REQUIRED WORK: Starting at the first entry below, repeat all the data word for word and drop the pictures.

================================

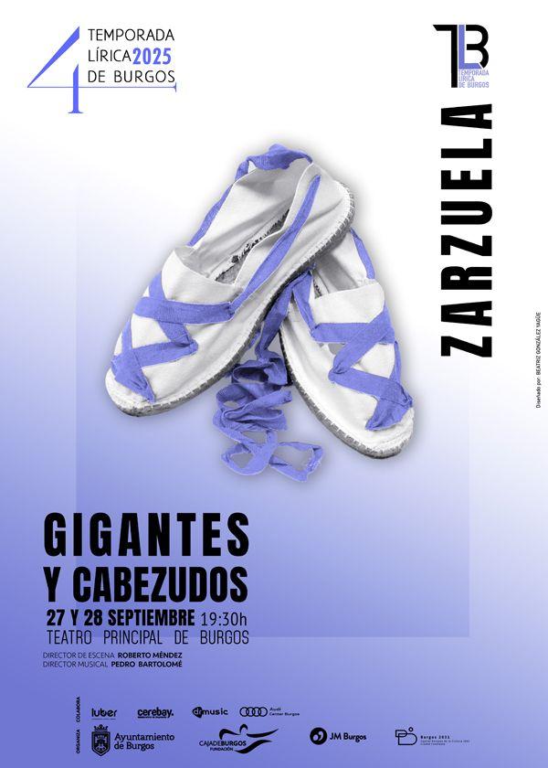 El Teatro Principal acoge el sábado 27 y el domingo 28 de septiembre, a partir de las 19:30 horas, la representación de la zarzuela 'Gigantes y cabezudos', con libreto de Miguel Echegaray y Eizaguirre y música del maestro Manuel Fernández Caballero. El Orfeón Burgalés acompañará al Ballet Antología y a la Joven Orquesta Sinfónica de Burgos en este montaje, con Roberto Méndez como director de escena y Elisa Sanz como coordinadora artística.
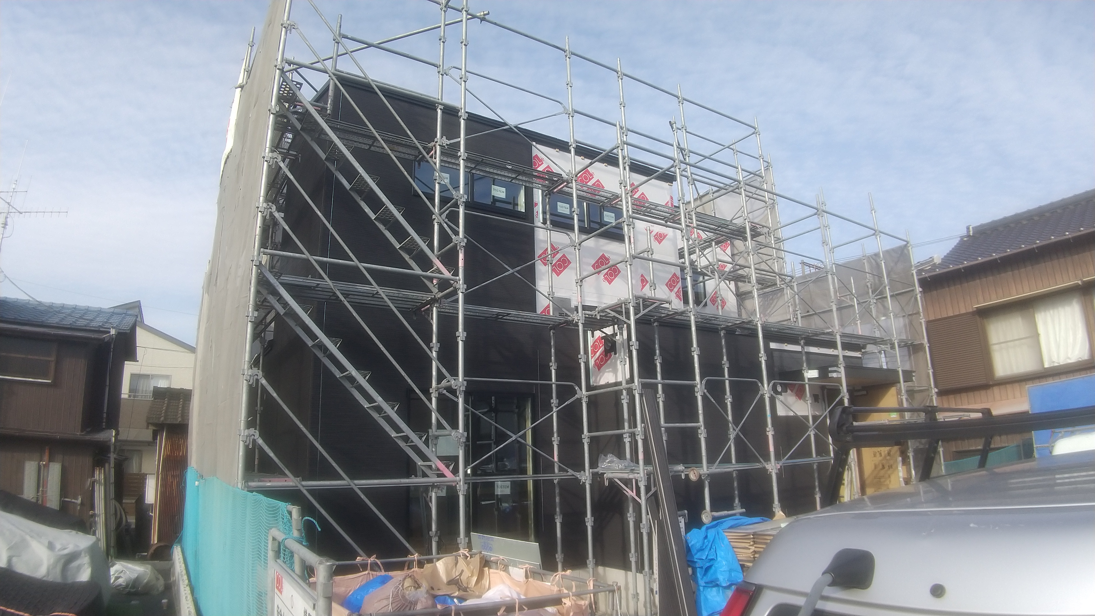 ここ3日は暖かい日が続いていて 作業しやすいです。 O様邸はサイディング工事が半分終わりました。 写真に写っていない裏面の外壁貼り作業中です。
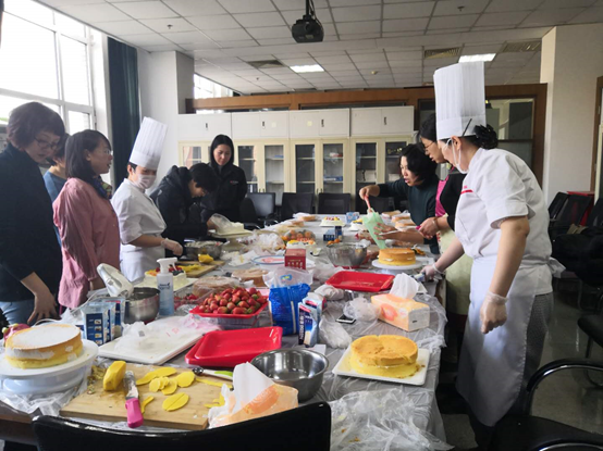 这次活动得到校工会和津乐园公司的大力支持,活动气氛非常热烈。津乐园技师当面表演蛋糕喷画和毛笔画蛋糕的制作方法,大家纷纷动手学习蛋糕裱花装饰艺术,开拓了视野、提升了技能、陶冶了情操。
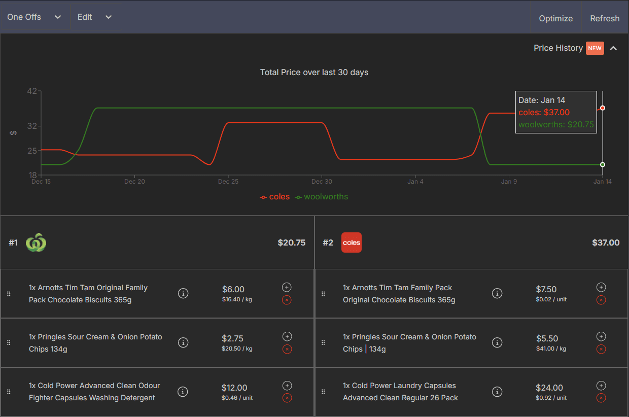 Prefer to cross check with your own preferred products across stores? Create custom shopping lists and see the total cost of your list along with historical total prices to see which weeks your usual store beats others!
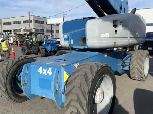 Impressive power and fuel efficiency with the Deutz Turbo Diesel engine. Excellent maneuverability on all kinds of terrain, thanks to 4WD functionality. Ample working space provided by the 8' platform. Superior durability and stability with rough terrain tires. High reach capabilities with a 125' platform height and 131' working height. Enhanced lift and reach with the jib feature.
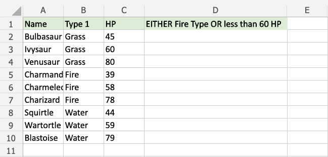 Now, each row has a check for Fire Type or HP less than 60, but not both:
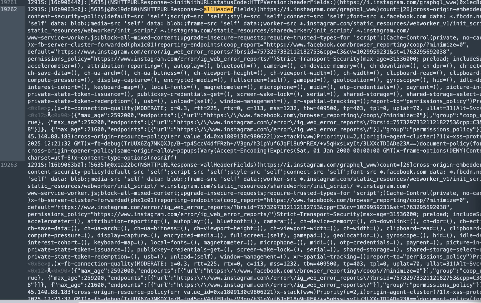 我通过修改 Instagram 的 iOS 应用包,制作了一个自定义的插桩工具,使其在运行过程中能够自动记录关键函数调用和参数。IPA 使用 Sideloadly 等方式安装,运行后生成的日志文件可以直接在 macOS 的 Finder 中访问(例如:log_0x0_0x0.txt、log_0x0_0x0_259.txt 等)。
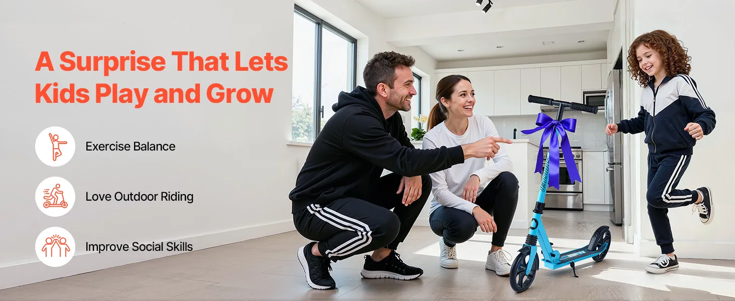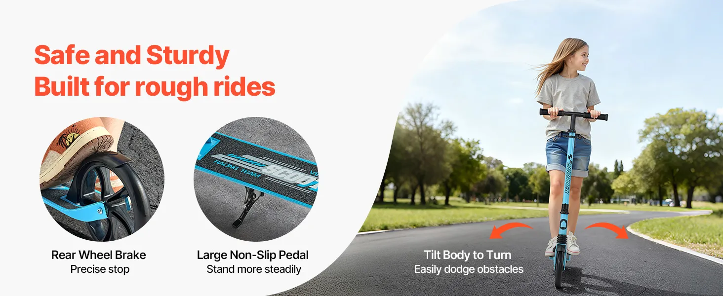 Naša detská kopacia kolobežka je vybavená protišmykovými krytmi rukoväte pre bezpečné uchopenie, ktoré zabezpečujú, že sa ľahko nevyšmykne z malých rúk.
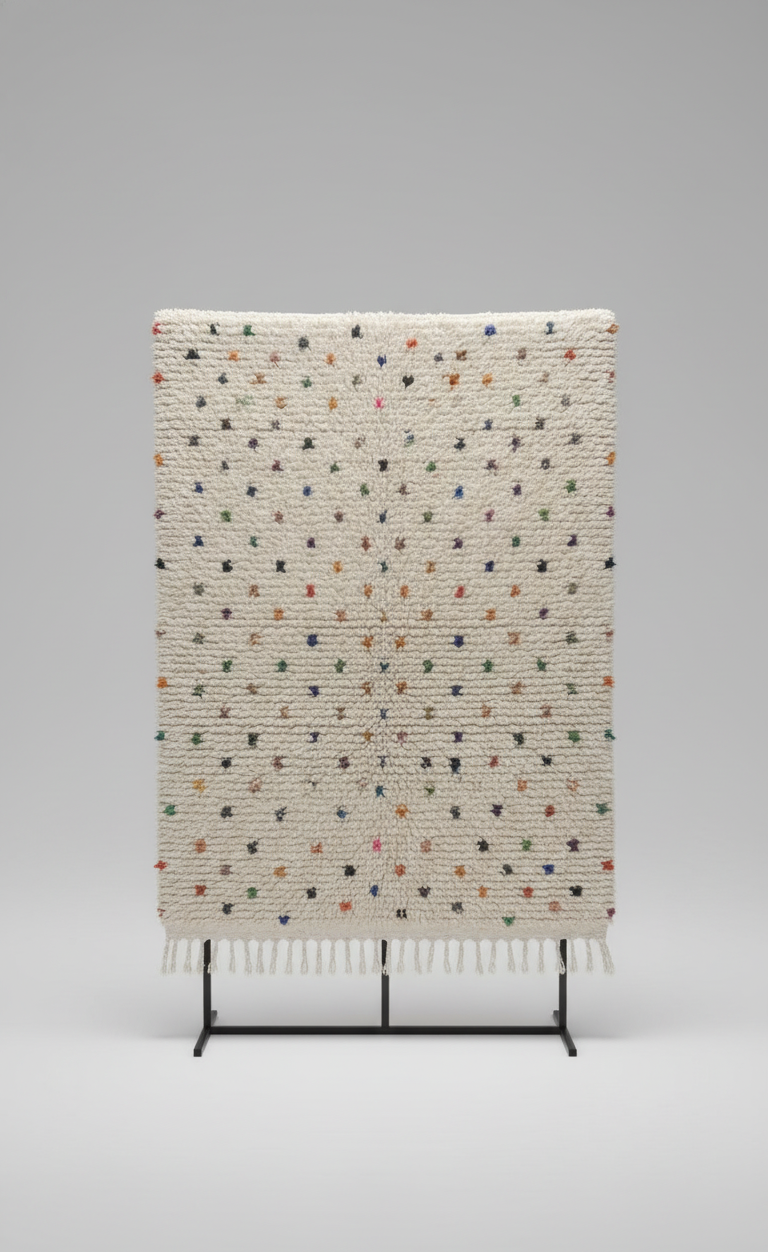 Sur une base blanche naturelle, de petits points colorés multicolores sont délicatement répartis, comme des éclats de couleurs semés à la main, donnant au tapis une énergie positive et contemporaine tout en restant élégante.
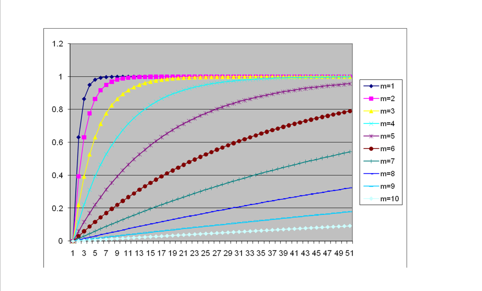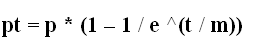 Рисунок 11. Зависимость плотности эфира – pt от расстояния до центра объекта – t для разных значений его массы – m
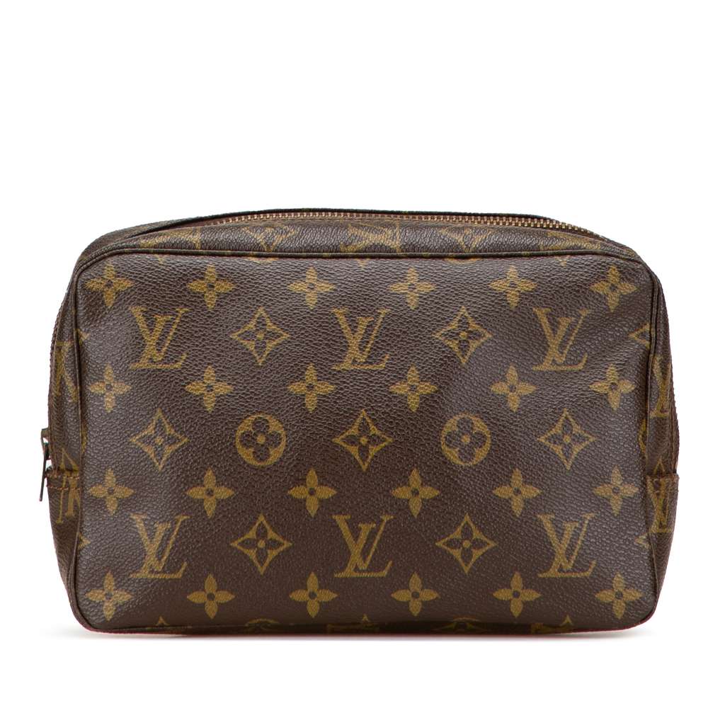 The Trousse Toilette features a monogram canvas body, a top zip closure, and an interior pockets.
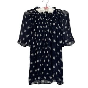 NEW J. CREW Crinkle chiffon smocked top in ombré dot navy & white size small
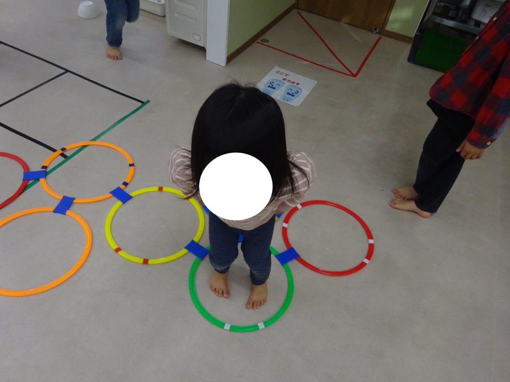 ケンケンパでは、両足跳びをする子が多かったので片足でこうやってやるんだよと伝えると、その動きを見て片足でバランスを取りながら行うことが出来ました。ジャンプするのにどうしても前に行きすぎちゃう姿も見られましたが輪をよく見て飛ぶことを伝える事で集中して行うことも出来ました。

================================

OUTPUT FOR THIS TASK:
 El Teatro Principal acoge el sábado 27 y el domingo 28 de septiembre, a partir de las 19:30 horas, la representación de la zarzuela 'Gigantes y cabezudos', con libreto de Miguel Echegaray y Eizaguirre y música del maestro Manuel Fernández Caballero. El Orfeón Burgalés acompañará al Ballet Antología y a la Joven Orquesta Sinfónica de Burgos en este montaje, con Roberto Méndez como director de escena y Elisa Sanz como coordinadora artística.
 ここ3日は暖かい日が続いていて 作業しやすいです。 O様邸はサイディング工事が半分終わりました。 写真に写っていない裏面の外壁貼り作業中です。
 这次活动得到校工会和津乐园公司的大力支持,活动气氛非常热烈。津乐园技师当面表演蛋糕喷画和毛笔画蛋糕的制作方法,大家纷纷动手学习蛋糕裱花装饰艺术,开拓了视野、提升了技能、陶冶了情操。
 Prefer to cross check with your own preferred products across stores? Create custom shopping lists and see the total cost of your list along with historical total prices to see which weeks your usual store beats others!
 Impressive power and fuel efficiency with the Deutz Turbo Diesel engine. Excellent maneuverability on all kinds of terrain, thanks to 4WD functionality. Ample working space provided by the 8' platform. Superior durability and stability with rough terrain tires. High reach capabilities with a 125' platform height and 131' working height. Enhanced lift and reach with the jib feature.
 Now, each row has a check for Fire Type or HP less than 60, but not both:
 我通过修改 Instagram 的 iOS 应用包,制作了一个自定义的插桩工具,使其在运行过程中能够自动记录关键函数调用和参数。IPA 使用 Sideloadly 等方式安装,运行后生成的日志文件可以直接在 macOS 的 Finder 中访问(例如:log_0x0_0x0.txt、log_0x0_0x0_259.txt 等)。
 Naša detská kopacia kolobežka je vybavená protišmykovými krytmi rukoväte pre bezpečné uchopenie, ktoré zabezpečujú, že sa ľahko nevyšmykne z malých rúk.
 Sur une base blanche naturelle, de petits points colorés multicolores sont délicatement répartis, comme des éclats de couleurs semés à la main, donnant au tapis une énergie positive et contemporaine tout en restant élégante.
 Рисунок 11. Зависимость плотности эфира – pt от расстояния до центра объекта – t для разных значений его массы – m
 The Trousse Toilette features a monogram canvas body, a top zip closure, and an interior pockets.
 NEW J. CREW Crinkle chiffon smocked top in ombré dot navy & white size small
 ケンケンパでは、両足跳びをする子が多かったので片足でこうやってやるんだよと伝えると、その動きを見て片足でバランスを取りながら行うことが出来ました。ジャンプするのにどうしても前に行きすぎちゃう姿も見られましたが輪をよく見て飛ぶことを伝える事で集中して行うことも出来ました。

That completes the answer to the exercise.